Soru Cevap Dizini      

001  "HAKSIZLIK OLMUYOR MU? "


Soru: Binlerce insana zulmeden Saddam, idam edilirken kelime-i şehadet getirerek öldü. Yani sonunda cennete gidecek. Diğer yandan kul hakkını gözetip sürekli iyilik yapan bir ateist, o durum üzere ölse sonsuz olarak cehennemde kalacak.
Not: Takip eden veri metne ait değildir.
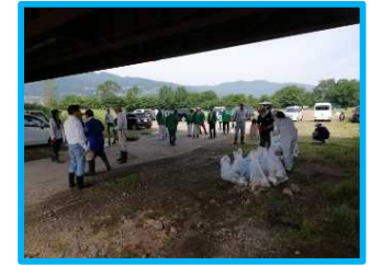
▲市民による一斉清掃の様子 (千曲市千本柳地先)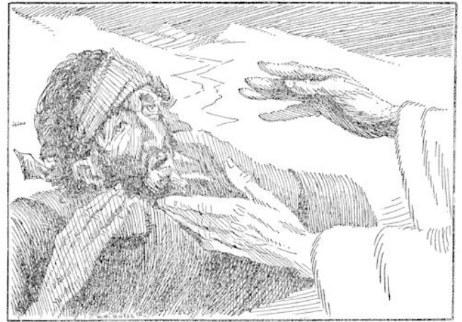
De vader had den jongsten zoon herkend. En voor de jongen tijd had zijn vader te voet te vallen en hem te smeken, hem als knecht in dienst te nemen, had hij reeds zijn beide armen om hem heen geslagen en hem gekust. (blz. 408)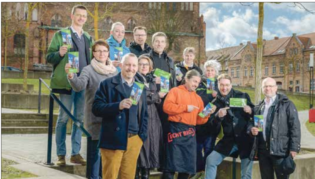
In über 30 Annahmestellen kann mit dem Geschenkgutschein „Der Eberswalder“ eingekauft werden.

„Der Eberswalder“ Geschenkgutschein ist erhältlich bei City Kaufhaus Herber und im Centerbüro in der Rathauspassage Eberswalde, sowie in der Tourist-Information Eberswalde in der Steinstraße 3.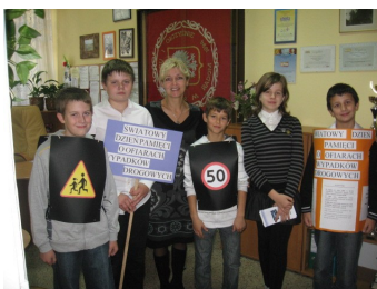
OGÓLNOPOLSKA AKCJA „WYPADKI NA DROGACH – POROZMAWIAMY”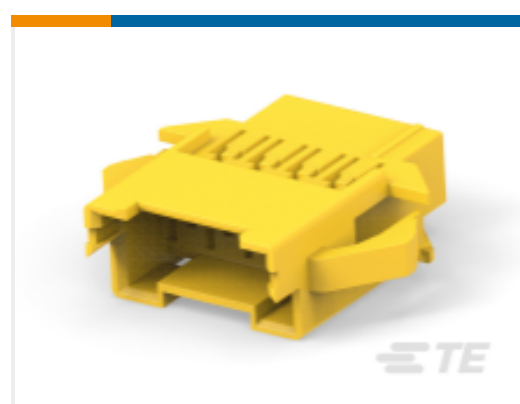
TE 产品编号6-2349952-4 HSG,REC,PANEL MOUNT,EP2.5, Yellow, 4P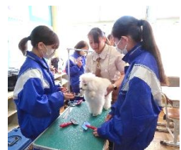
職業人の話を聞く会 トリミング体験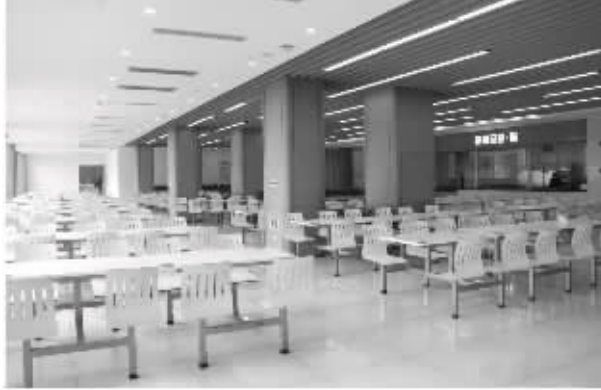
集团总部及下属企业开办了员工食堂,给力保障员工的衣食住行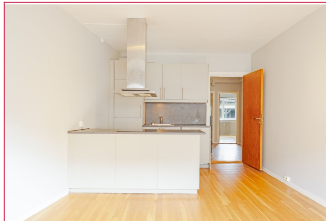
Lys og innbydende stue med åpen kjøkkenløsning og utgang til solrik balkong.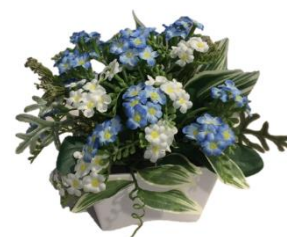
アーティシャルフラワー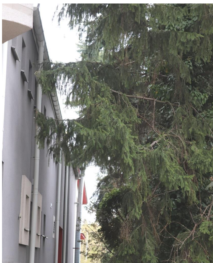
Wschodnia elewacja budynku MOK i sąsiadujący szpaler drzew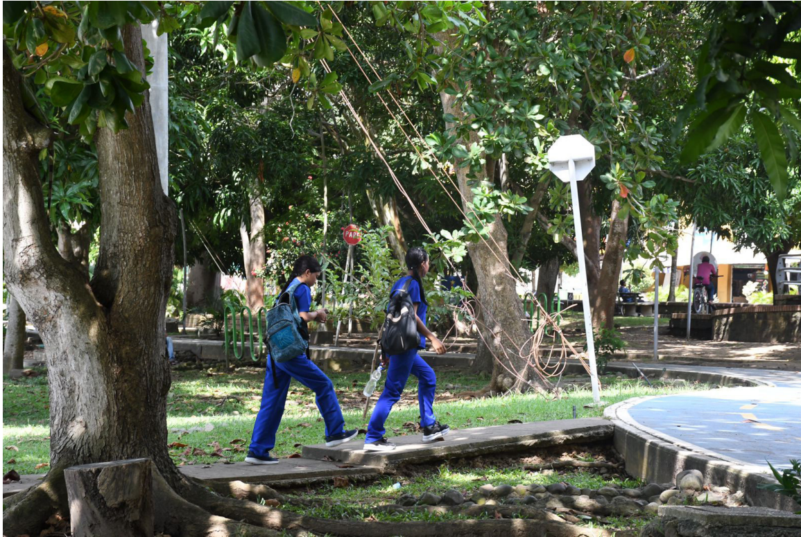
Figura 30. Camino a estudiar.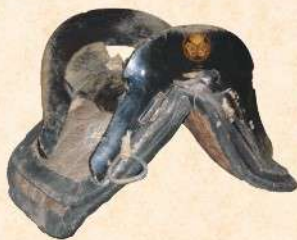
頼房の奉納品？ 葵の紋が施された鞍 「ヤンサマチ使用馬具」

徳川家康の11男として誕生した初代水戸藩主頼房は、水戸徳川家及び水戸藩の基礎を固めていきました。その活動の場は水戸だけに限られず、居住していた江戸、誕生の地京都など全国に広がります。本展覧会では、59年にわたる頼房の生涯を、ゆかりの品とともにとどめます。また、頼房が造立を命じた水戸東照宮の創建400年を記念して、水戸東照宮に伝わる宝物、水戸東照宮祭礼絵図などを多数公開します。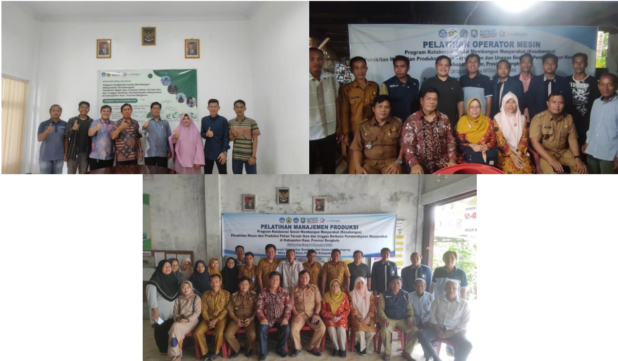
Gambar 11. Pelaksanaan Pengabdian Pada Masyarakat Skema Kosabangsa

Berikut ini adalah dokumentasi Pengabdian Kepada Masyarakat sengan skema Kosabangsa yang telah dilaksanakan. Dapat dilihat pada Gambar 11.

Bu, haksızlık olmuyor mu?

Cevap: Hayır, haksızlık olmuyor.

Bir olguda haksızlık olup olmadığını anlayabilmek için önce Hak ve Adalet kavramlarının ne anlama geldiğini iyi anlamak gerekir.

"Hak", gerçek ve doğru olanın kendisi, "Adalet" de yapılan uygulamanın bu gerçeğe (hakka) uygun olmasıdır.

Bu iki kavram, gerçekte, "düzen" kavramıyla çok yakından ilgilidir.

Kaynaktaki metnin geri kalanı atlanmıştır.